Similar rules apply to ships that turn off their AIS transponders. Nevertheless, the most recent version of the sanctions package, dated May 24, makes it clear that the "prohibition does not apply in circumstances where the navigation system can be legitimately turned off."


However, it is difficult to stop the Russian crude trade that is shattering price caps.


Other EU nations, including France, Germany, and the Netherlands, in addition to those with sizable fleets, have voiced concerns during the sanctions negotiations, a European official from a third country said on the condition of anonymity.


Speaking under the condition of anonymity to discuss the delicate negotiations, another diplomat from a European country with a significant maritime industry said, "We’re not opposed to these measures, but we need to understand how they would work."


"Identifying which vessels are involved is very difficult," they claimed. "There are instances where ships can legitimately switch off their AIS, so you can’t automatically say if they do that, they’re transporting Russian crude. So there is no agreement at the moment and there will have to be a new draft," they said.


The proposed reforms have the industry on edge as well.


"Regulators need to be aware of the risk that by prohibiting certain activity, the demand to purchase, sell and transport that cargo isn’t going to go away," said Daniel Martin, a partner at international law firm HFW, which has a significant maritime practice. "There will always be those who look to circumvent restrictions in other ways, which will carry its own risks."


Greek and Maltese shipowner organisations as well as the European Community Shipowners' organisations declined to comment on the record.

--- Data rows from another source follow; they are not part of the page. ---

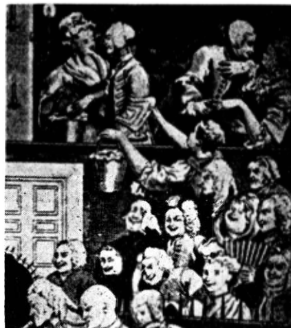
Hogarth: O sală de teatru londonez în secolul al 18-lea

În această privință, teatrul românesc își poate dovedi pe deplin vitalitatea nu printr-o sporire cantitativă a pieselor prezentate, nu printr-o fluctuație permanentă a repertoriilor și nici prin asimilarea ultra-rapidă a unor lucrări de succes din străinătate; numai promovarea curajoasă a unui repertoriu original, autohton, o încurajare atentă a dra-
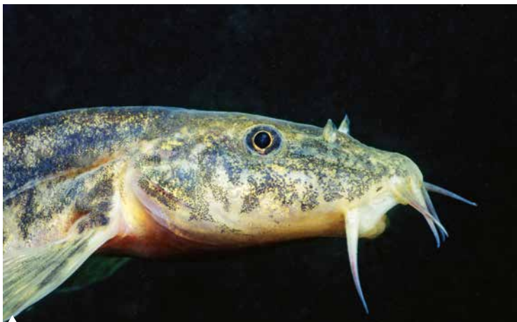
Die Schmerle hat sechs Barteln an der Oberlippe.
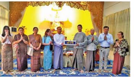
သံယာဆေးရုံကြီးသို့ အလှူ လှူဒါန်းနိုင်ကြောင်း သိရသည်။ (အပေါ်ပုံ)
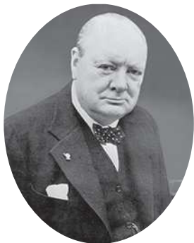
Уинстон Черчилль (30.11.1874–24.01.1965)

Сэр Уинстон Леонард Спенсер-Черчилль – британский государственный и политический деятель, премьер-министр Великобритании в 1940–1945 гг. и 1951–1955 годах, военный, журналист, писатель, лауреат Нобелевской премии по литературе (1953 г.), сэр.
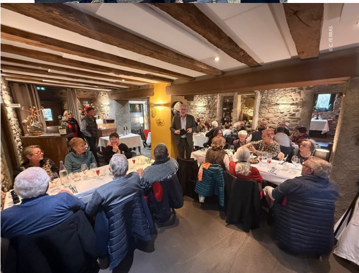
14 novembre : repas des retraités et des séniors
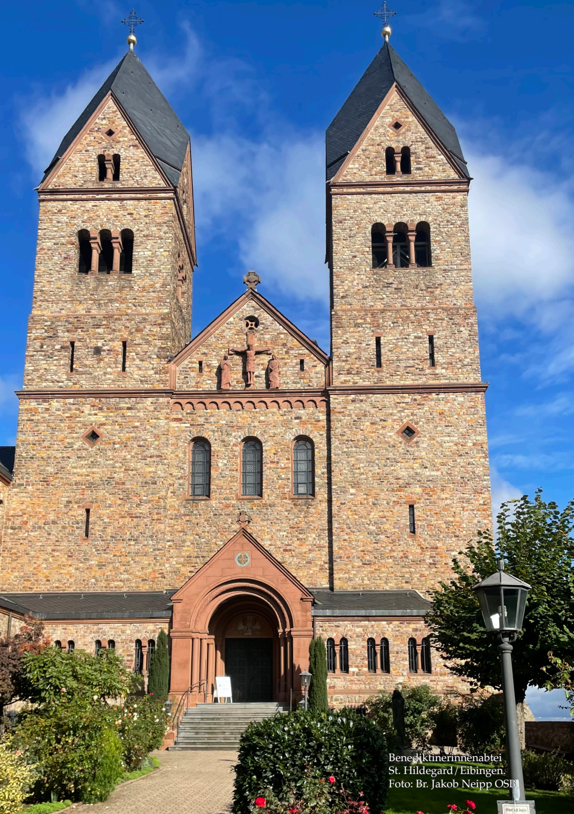
Benediktinerinnenabtei St. Hildegard / Eibingen.
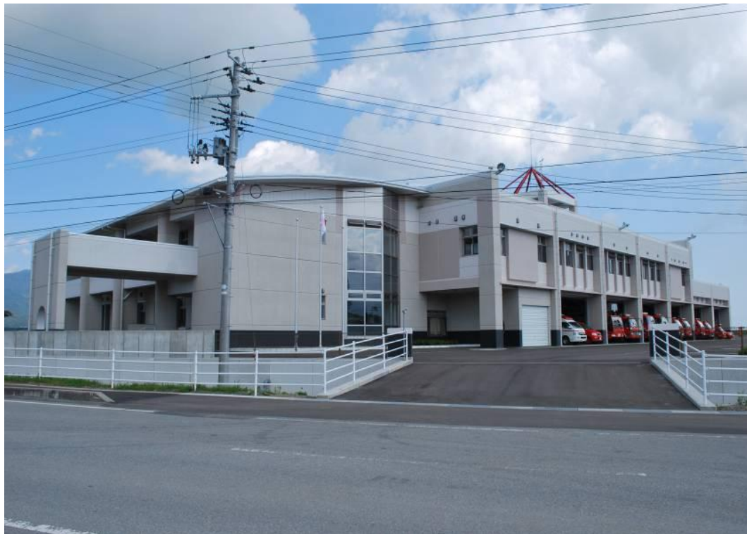
佐渡市消防本部・中央消防署・佐渡市防災センター
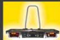
Plattformträger Bestell.-Nr. 8498 Komplett. Der Umbau vom Plattformträger bis zum Fahrradträger ist problemlos.
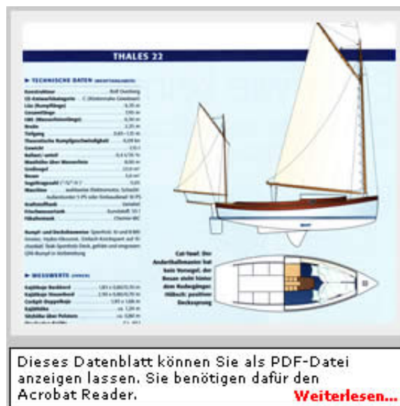
Dieses Datenblatt können Sie als PDF-Datei anzeigen lassen. Sie benötigen dafür den Acrobat Reader.
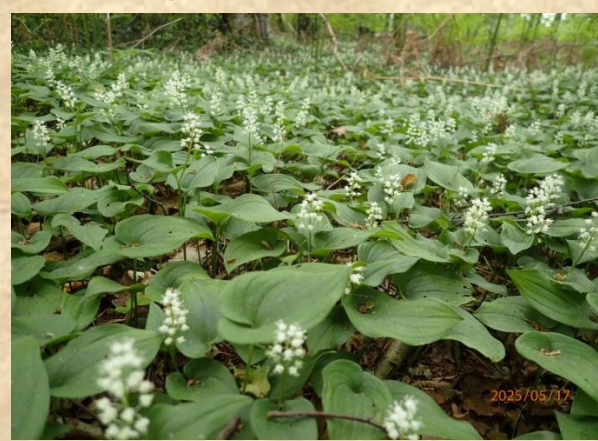
Dalkruid – Sieverinksbos Ruurlo

De Van der Lugt stichting zet zich in voor natuur, landschap, biodiversiteit en cultuur in de Achterhoek
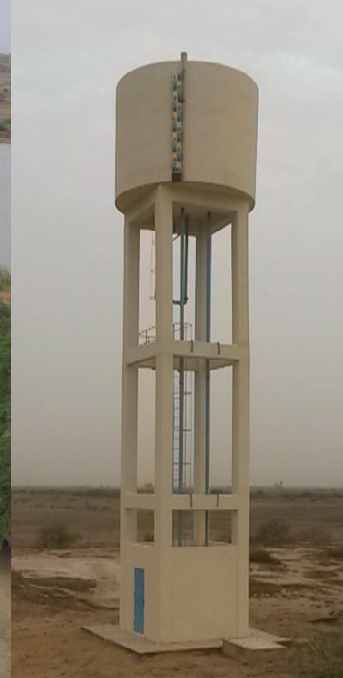
Unité de potabilisation et château d'eau de Diagambal (Aicha 1)
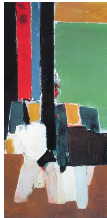
10. Nicolas de Staël Le Lavandou (1952) Musée National d'Art Moderne, Paris
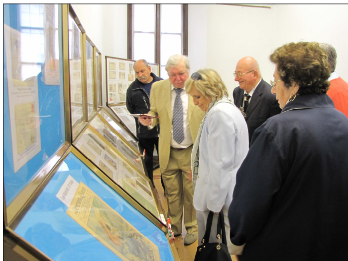
Il pubblico interessato ascolta le spiegazioni fornite dal Presidente Negri al Prefetto Carla Cincarilli.

"Saluti e baci" dalla Fronte; le Cartoline postali in Franchigia italiane per la Grande Guerra 1915 - 1918
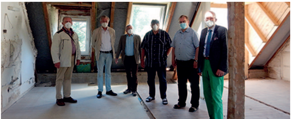
Der Vorstand begutachtet den Fortschritt beim Ausbau des Hauses in Hannover.
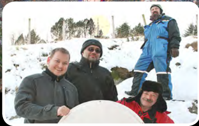
Tilbyr 10 Mbit – s. 3
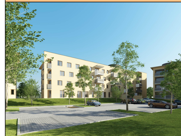
POŁOŻENIE BUDYNKU W ZESPOLE
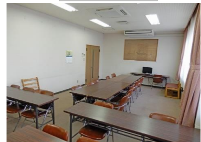
共有食堂・談話室
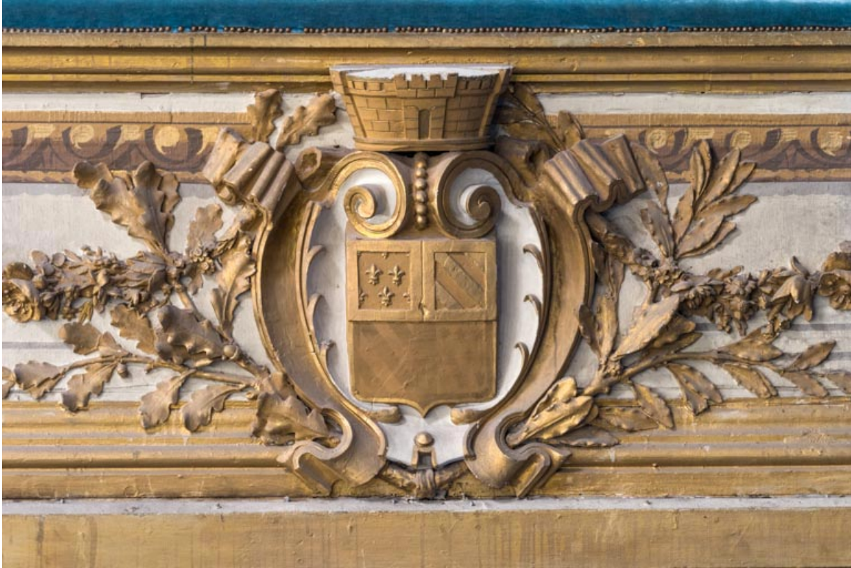
Armoiries de Dijon sur le garde-corps de la loge d'avant-scène côté cour, au 1er balcon. 21, Dijon place du Théâtre
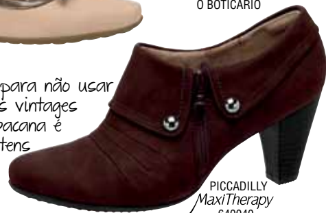
PICCADILLY MaxiTherapy 640040

3 Fique atenta para não usar somente peças vintage ou retrôs. O bacana é mesclar com itens moderninhos.
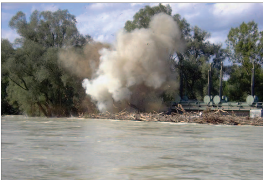
Abb. 4: Treibgut hat sich an der Schleuse gestaut und musste gesprengt werden.
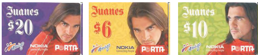
Tarjetas Prepago, Porta, Ecuador

Juanes, cuya historia comenzó con el metal y termino en una fusión, ha llevado el color local al rock mundial y ha logrado colocar en la música del continente el interés por los asuntos urgentes, las minas antipersona y las injusticias sociales.
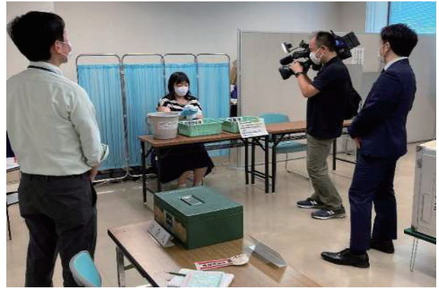
投票所における新型コロナウイルス感染症対策についてのテレビ取材 (Live News days フジテレビ 6月18日放送)
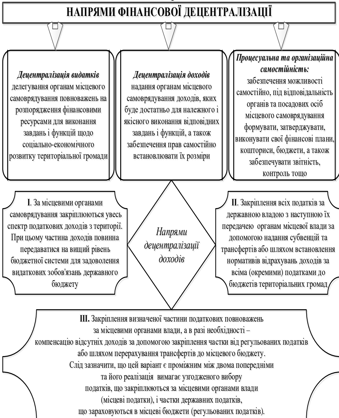
Рис. 2. Загальні напрями впровадж

та функціонування інституту фінансової децентралізації
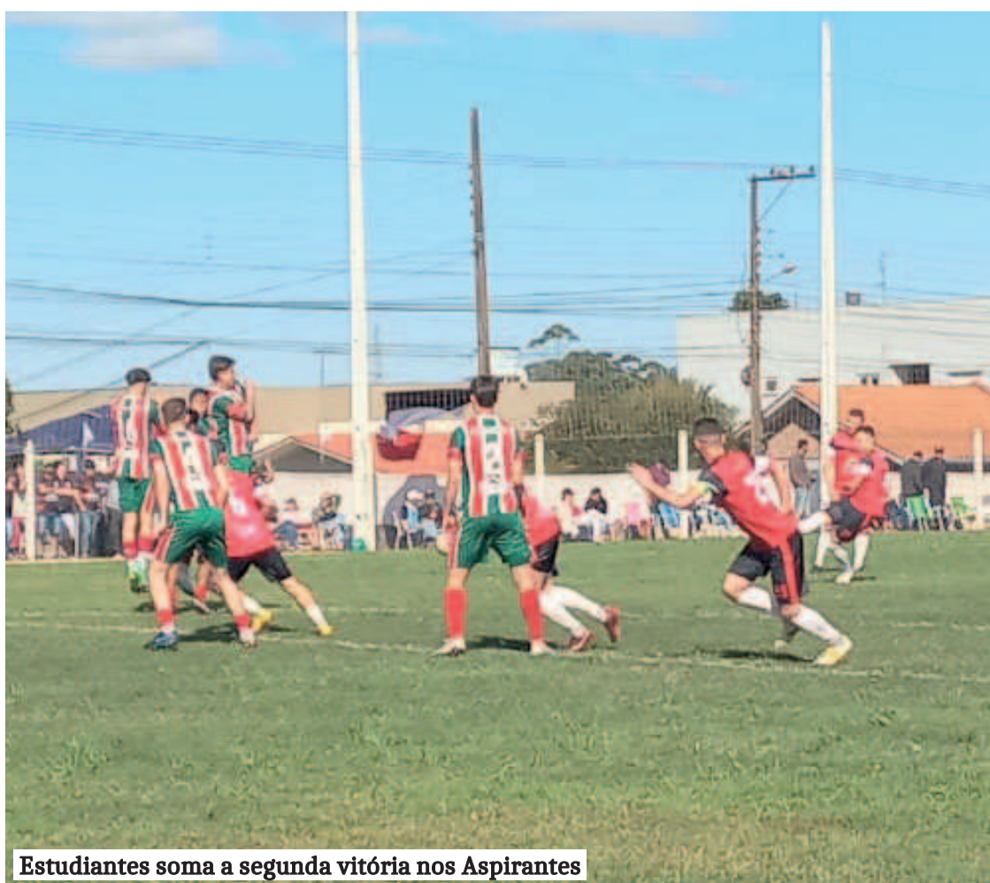
Estudiantes soma a segunda vitória nos Aspirantes
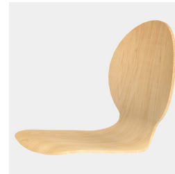
Körpergerecht geformte Sitzschale
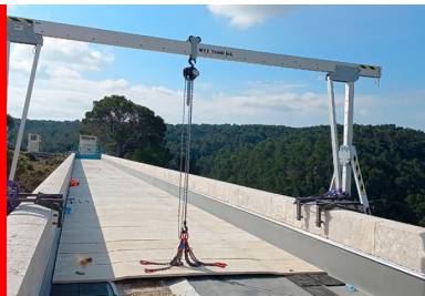
Les dalles manportables sont posées à l'aide d'un portique roulant.

Les travaux consistent à remplacer certaines pierres trop abimées par des blocs de calcaire identiques (près de 500 m 3 en tout), à traiter celles qui sont encore en bon état et à réaliser des étanchéités sur les tabliers afin de les protéger des eaux de ruissellement. L'étanchéité des trois tabliers est l'objet de cet article.
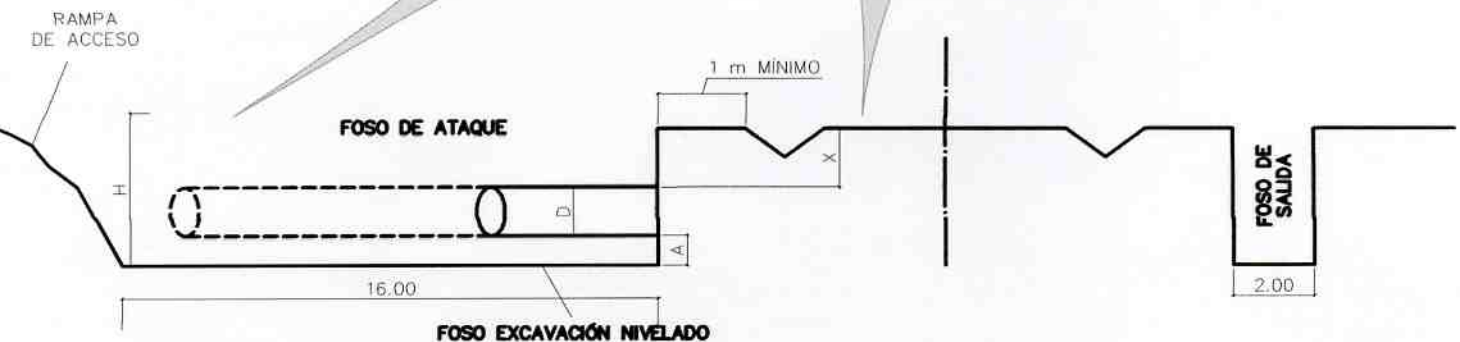
CROQUIS EN SECCIÓN
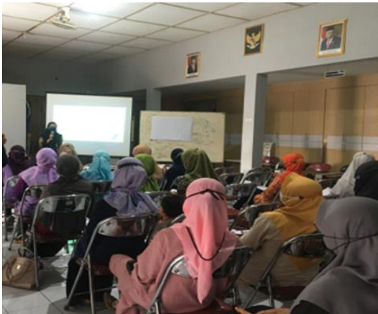
Gambar 3 Sesi pemaparan materi

Materi yang diberikan pada pelatihan ini berisi tentang konsep pertumbuhan dan perkembangan pada balita dan metode penilaian status gizi. Selama pemaparan peserta terlihat antusias yang nampak dari beberapa peserta ada yang membagikan pengalaman selama menjadi kader khususnya bagaimana menghadapi penimbangan balita agar lebih akurat karena kondisi balita yang sudah aktif kadang sulit untuk ditimbang dan diukur tinggi badannya.
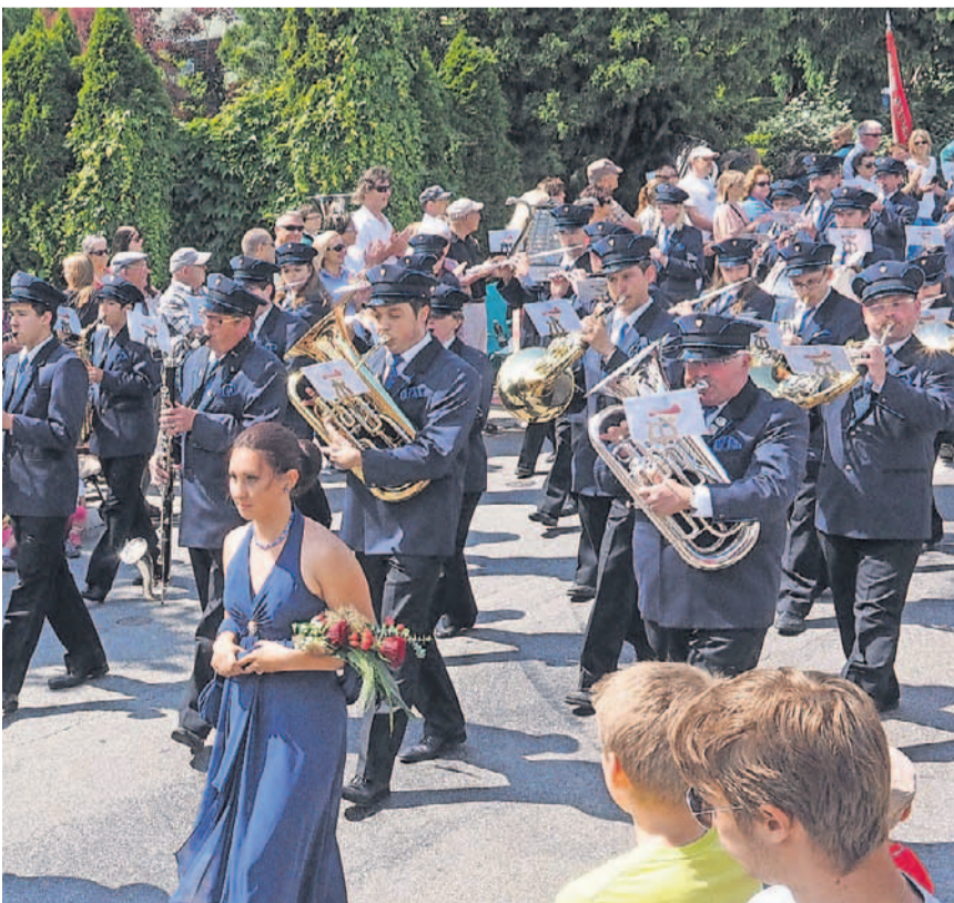
Sieger der Marschparade vom Sonntag: Konkordia Balsthal
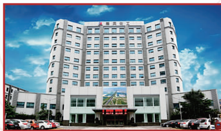
山西焦煤运城盐化集团有限责任公司 旗南风化工大楼
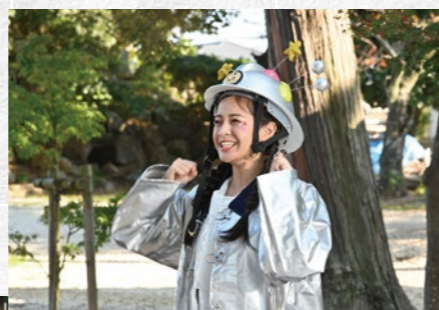
ドラマ「アイドル、よし!」 製作著作：CBCテレビ
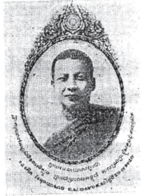
ព្រះបាទសម្តេចព្រះនរោត្តមសីហនុវរ្ម័ន កាលទ្រង់ព្រះផ្លូវ King Sihanouk as Buddhist monk
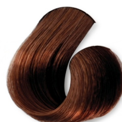
Louro Claro Dourado Cobre CÓD.1034

Taking on ship-to-ship transfers and vessels that go offline can be dealt with, but only if there is adequate political will, claims S&P's McKinney.


That presents a challenge. He said that oil transfers in the Black Sea are "hugely involved" with Greek-owned ships.


"If you start to clamp down on that, then obviously it would affect Greek shipping the most out of any other flag state within the EU. So I can imagine there would be some pushback there," he remarked.